The legality of the UK's Investigatory Powers Act has been called into question by a landmark EU legal ruling this morning, which has restated that access to retained data must only be given in cases of serious crime.
The landmark judgment [PDF] was handed down by the European Union's Court of Justice, setting a new precedent for EU member states' data retention regimes, stating that access to such data must be restricted to the purpose of preventing and detecting serious crime.
The judges also stated that police and public bodies should not be allowed to authorise their own access to this data, instead requiring that access requests receive prior authorisation by independent courts or similar bodies.
The ruling results partly from a legal challenge against DRIPA filed by two MPs, David Davis and Tom Watson, though Davis subsequently exited the complaint against the government following his appointment as the government's minister for exiting the EU. This challenge was combined with one by Swedish telco Tele2.

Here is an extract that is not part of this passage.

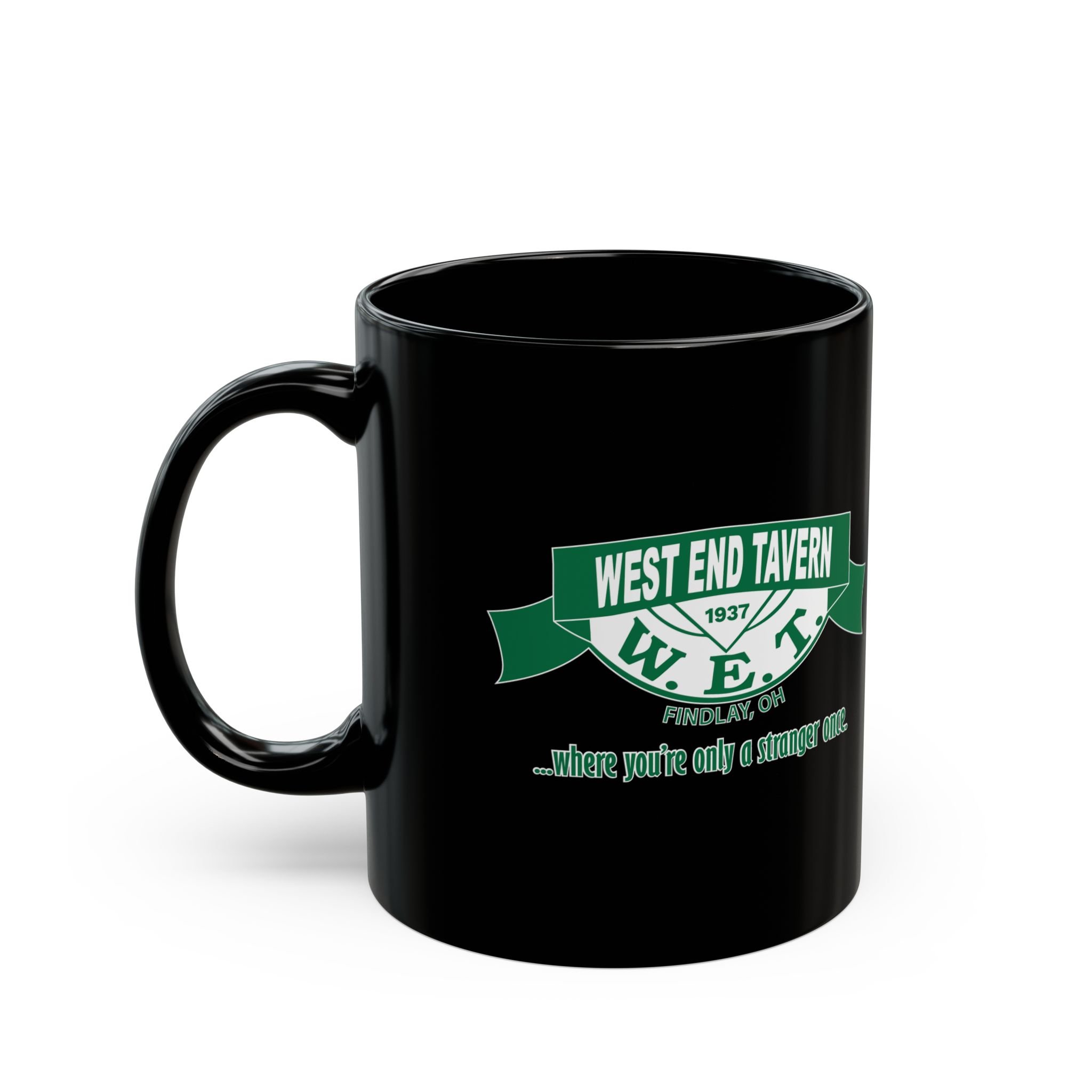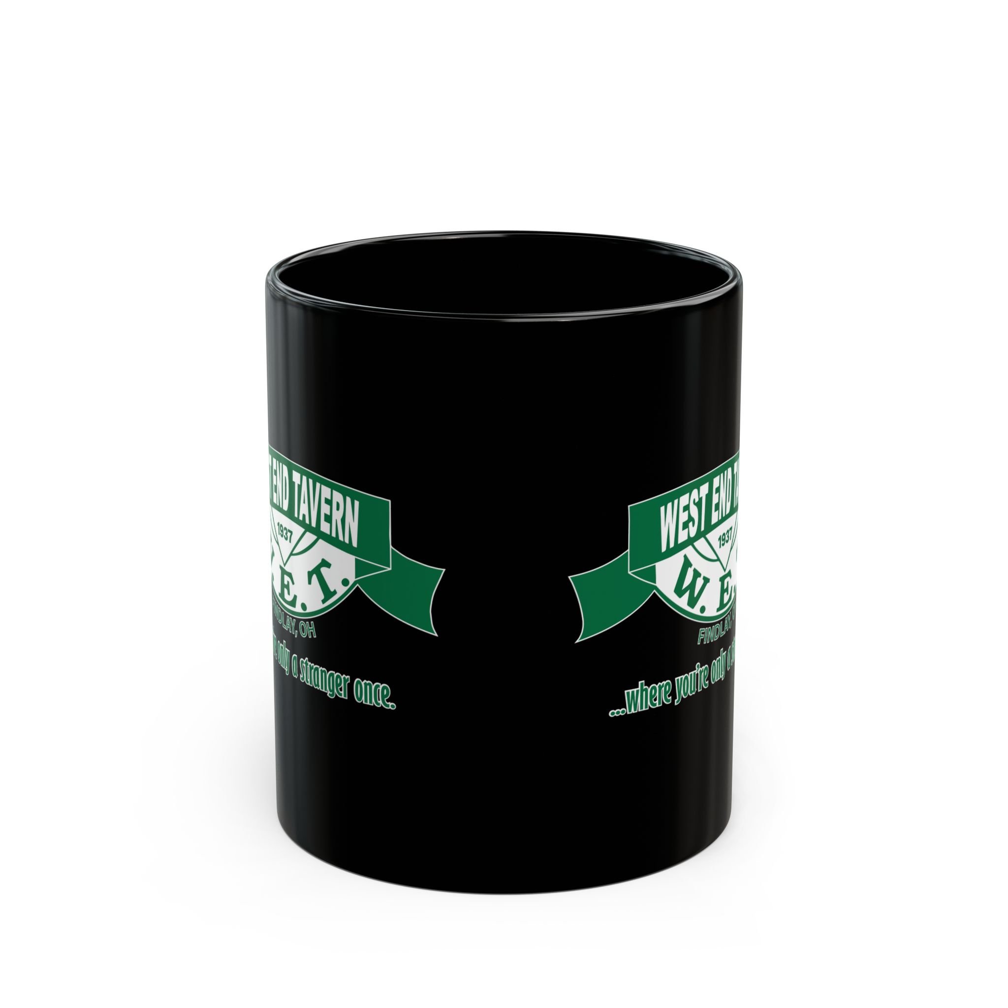 West End Tavern W.E.T. Black Coffee Mug — Retro Bar Logo "Where You're Only a Stranger Once" (11oz/15oz)

Martha Spurrier, director of Liberty, which represented Tom Watson, said: "Today’s judgment upholds the rights of ordinary British people not to have their personal lives spied on without good reason or an independent warrant. The Government must now make urgent changes to the Investigatory Powers Act to comply with this."

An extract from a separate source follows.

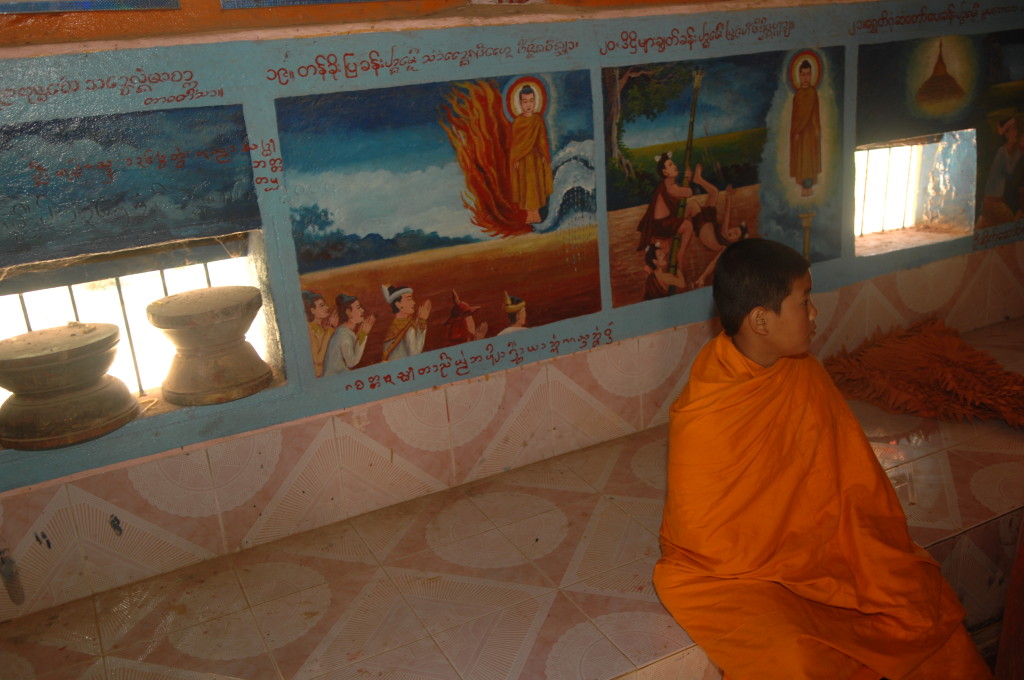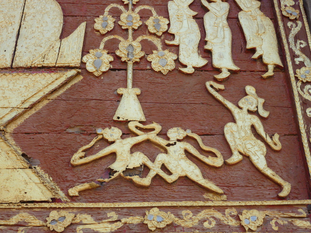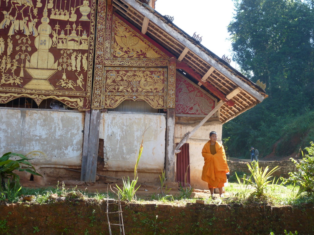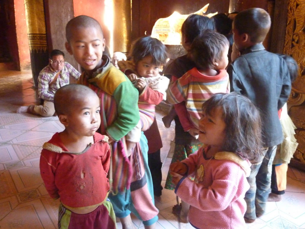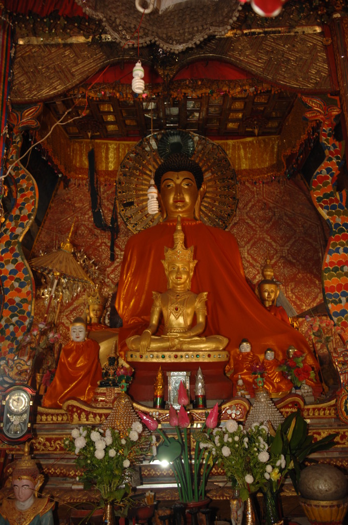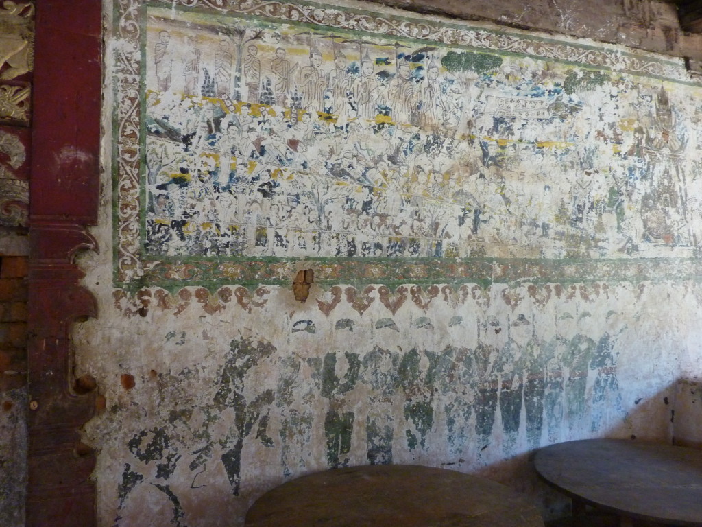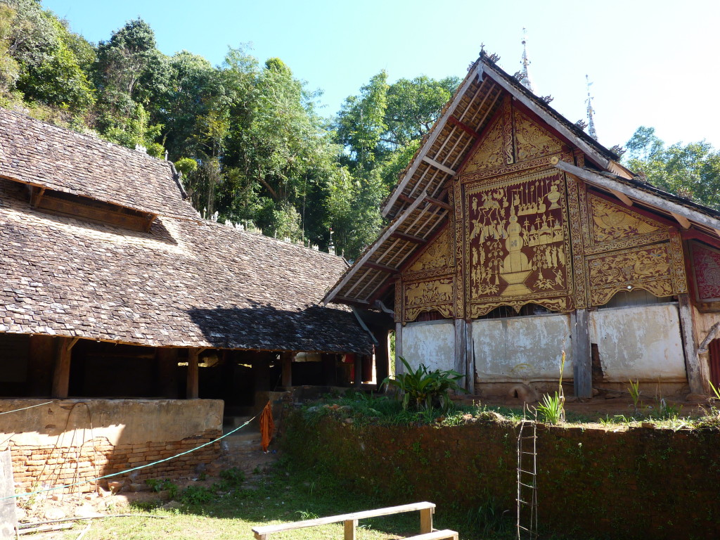 Das Kloster wurde im 16. Jhdt. erbaut und liegt auf einer Lichtung im Bergwald. Mit den Teak-Klöstern, die wir auf der Fahrt nach Bagan besucht haben, hat es wenig gemein. Die Bauweise erinnert mal an die nord-laotische, mal an die tibetische Architektur vergleichbarer Gebäude. Die reichhaltig mit Schnitzereien, Holzmalereien und Mosaiken versehene Ausstattung im Inneren ist ebenfalls ungewöhnlich.

"This is the first serious post-referendum test for our Government’s commitment to protecting human rights and the rule of law. The UK may have voted to leave the EU – but we didn't vote to abandon our rights and freedoms," added Spurrier.
A Home Office spokesperson said: "We are disappointed with the judgment from the European Court of Justice and will be considering its potential implications.

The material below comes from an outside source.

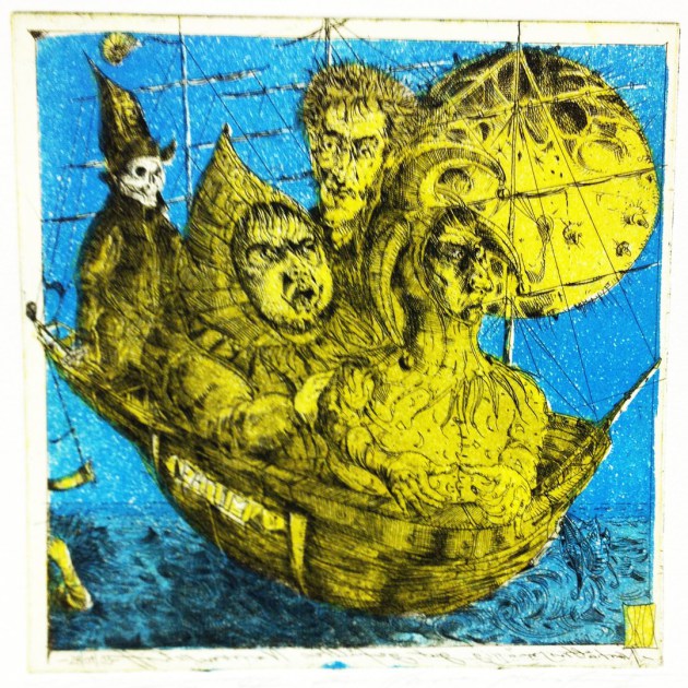 Stephan Klenner-Otto (b. 1959): NARRENSCHIFF (SHIP OF FOOLS), 2005, Coloured etching, Image 14 x 14 cm, Signed

"It will now be for the Court of Appeal to determine the case," the spokesperson added. "The Government will be putting forward robust arguments to the Court of Appeal about the strength of our existing regime for communications data retention and access.
"Given the importance of communications data to preventing and detecting crime, we will ensure plans are in place so that the police and other public authorities can continue to acquire such data in a way that is consistent with EU law and our obligation to protect the public."
Liberal Democrat Shadow Home Secretary Brian Paddick said: "This ruling proves that this Conservative Government has overstepped the mark. The legality of the Investigatory Powers Act - passed into law with Labour's full support - has now been called into question."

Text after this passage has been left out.